DETAILED DESCRIPTION OF THE INVENTION

[0001]

BACKGROUND OF THE INVENTION 1. Field of the Invention The present invention relates to an image reading apparatus such as a copying machine and a facsimile apparatus, and more particularly to detection of dust in an image flow reading apparatus.

[0002]

2. Description of the Related Art Conventionally, when dust is detected in this type of apparatus, the density of a white conveyor belt is partially sampled, and an average density is obtained to determine a threshold value. Then, dust detection is performed by comparing with the read data. Detection is performed a plurality of times, and dust is determined by counting the number of times of detection for each pixel position.

[0003]

However, a memory for storing sampling data is required to obtain the average density of the conveyor belt, and a line memory is also required to count dust for each pixel. It is limited to the number of samplings within the range of numbers.
That is, in order to detect dust with higher accuracy, it is necessary to increase the memory capacity.

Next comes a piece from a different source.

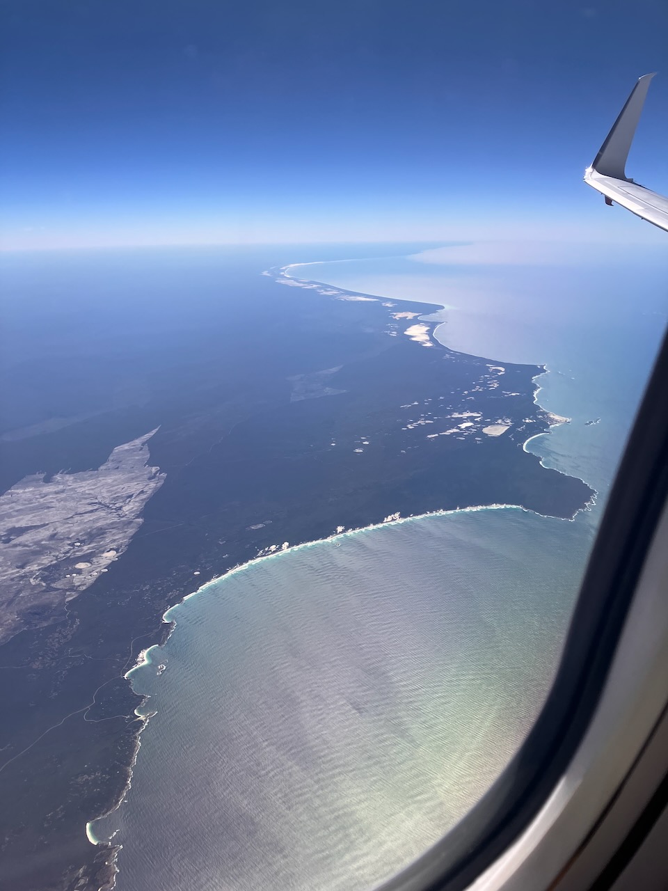 Gute vier Stunden nach dem Start in Sydney hat das Flugzeug die grosse Australische Bucht (Hintergrund) überflogen und trifft auf das Südufer von Westaustralien.

The present invention has been made in view of the above circumstances, and it is an object of the present invention to provide an image reading apparatus and an image reading method capable of detecting dust with high accuracy with a smaller memory capacity.

[0005]

According to the present invention, there is provided an image reading apparatus comprising: conveying means for sequentially conveying a plurality of documents; reading means for reading a document conveyed to a document table in a conveying state; and output of the reading means. Resolution conversion means for converting the resolution of the data, storage means having a capacity corresponding to the number of pixels of one line of the original image subjected to the resolution conversion, and comparing the output of the resolution conversion means with the corresponding data of the storage means An image reading apparatus comprising: a comparing unit that performs a reading operation; and a control unit that controls each of the units. The controlling unit stores a maximum value of a plurality of pieces of read pixel data in the storage unit after reading a plurality of lines. After controlling the comparison means as described above, the presence / absence and position of dust on the document table are detected by referring to data in the storage means.

Further, in the image reading apparatus of the present invention, dust is erased by replacing a pixel corresponding to the detected position of dust with pixel data adjacent thereto.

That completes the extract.